Another interesting case is when \(X_1\) and \(X_2\) are both binary. In this case, a model that includes an interaction term is called a

**saturated model**. It is called this because it is actually nonparametric. In particular, notice that in the model \(\mathbb{E}[Y|X_1,X_2] = \beta_0 + \beta_1 X_1 + \beta_2 X_2 + \beta_3 X_1 X_2\),\[ \begin{aligned} \mathbb{E}[Y|X_1=0,X_2=0] &= \beta_0 \\ \mathbb{E}[Y|X_1=1,X_2=0] &= \beta_0 + \beta_1 \\ \mathbb{E}[Y|X_1=0,X_2=1] &= \beta_0 + \beta_2 \\ \mathbb{E}[Y|X_1=1,X_2=1] &= \beta_0 + \beta_1 + \beta_2 + \beta_3 \end{aligned} \]

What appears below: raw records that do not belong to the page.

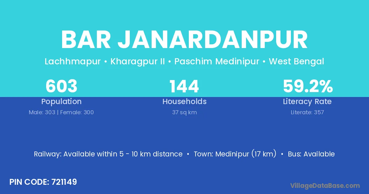 Medinipur (17 km) is the nearest town to Bar Janardanpur village for major economic activities and is located approximately 17 km away.
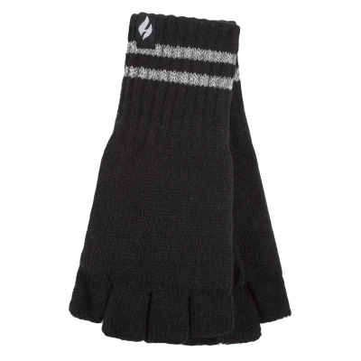 HEAT HOLDERS Mens Knitted Fingerless Reflective Gloves for Winter Thermal Hi Viz Work (One Size, Black)
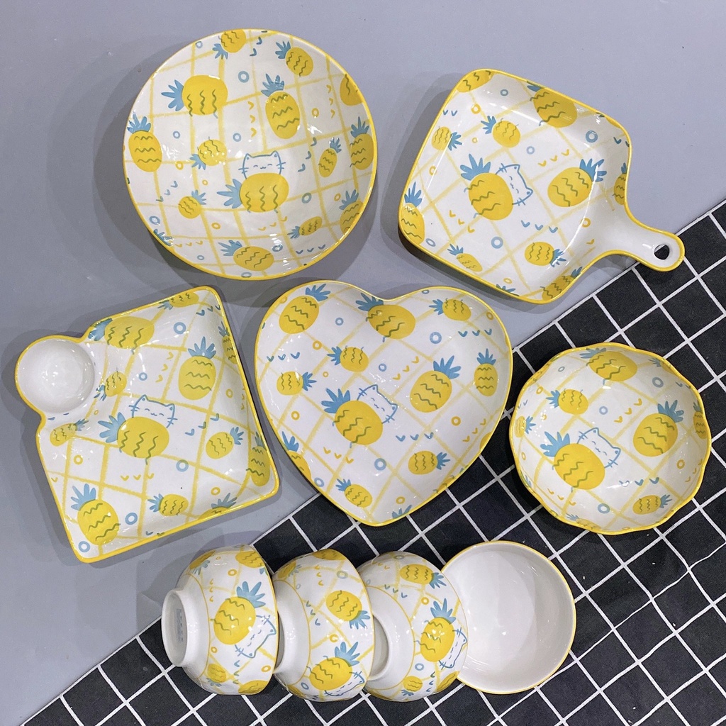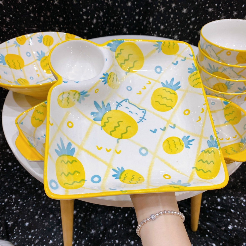 Sét bát đĩa gốm sứ decor siêu đáng yêu bộ dứa mèo vàng sét 11 món

This exhausts all possible combinations of the regressors and means that you can recover each possible value of the conditional expectation from the parameters of the model.

It would be possible to write down a saturated model in cases with more than two binary regressors (or even discrete regressors) — you would just need to include more interaction terms. The key thing is that there be no continuous regressors. That said, as you start to add more and more discrete regressors and their interactions, you will effectively start to run into the curse of dimensionality issues that we discussed earlier.

As an example, consider our earlier example of flights from Atlanta to Memphis where \(Y\) denoted the number of passengers, \(X_1\) was equal to 1 for a a morning flight and 0 otherwise, and \(X_2\) was equal to one for a weekday flight and 0 otherwise. Suppose that \(\mathbb{E}[Y|X_1,X_2] = 90 - 15 X_1 - 5 X_2 + 25 X_1 X_2\). Then,

\[ \begin{aligned} \mathbb{E}[Y|X_1=0,X_2=0] &= 90 \quad & \textrm{non-morning, weekend} \\ \mathbb{E}[Y|X_1=1,X_2=0] &= 90 - 15 = 75 \quad & \textrm{morning, weekend} \\ \mathbb{E}[Y|X_1=0,X_2=1] &= 90 - 5 = 85 \quad & \textrm{non-morning, weekday} \\ \mathbb{E}[Y|X_1=1,X_2=1] &= 90 - 15 - 5 + 25 = 100 \quad & \textrm{morning, weekend} \end{aligned} \]

### 5.7.1 Computation

Including interaction terms in regressions in `R`

is straightforward. Using the `mtcars`

data, we can do it as follows

```
reg4 <- lm(mpg ~ hp + wt + am + hp*am, data=mtcars)
summary(reg4)
#>
#> Call:
#> lm(formula = mpg ~ hp + wt + am + hp * am, data = mtcars)
#>
#> Residuals:
#> Min 1Q Median 3Q Max
#> -3.435 -1.510 -0.697 1.284 5.245
#>
#> Coefficients:
#> Estimate Std. Error t value Pr(>|t|)
#> (Intercept) 33.34196 2.79711 11.920 2.89e-12 ***
#> hp -0.02918 0.01449 -2.014 0.05407 .
#> wt -3.05617 0.94036 -3.250 0.00309 **
#> am 3.55141 2.35742 1.506 0.14355
#> hp:am -0.01129 0.01466 -0.770 0.44809
#> ---
#> Signif. codes: 0 '***' 0.001 '**' 0.01 '*' 0.05 '.' 0.1 ' ' 1
#>
#> Residual standard error: 2.556 on 27 degrees of freedom
#> Multiple R-squared: 0.8433, Adjusted R-squared: 0.8201
#> F-statistic: 36.33 on 4 and 27 DF, p-value: 1.68e-10
```

The interaction term in the results is in the row that starts with `hp:am`

. These estimates suggest that, while horsepower does seem to decrease miles per gallon controlling for weight and whether or not the car has an automatic transmission, the effect of horsepower does not seem to vary much by whether or not the car has an automatic transmission (at least not in a big enough way that we can detect it with the data that we have).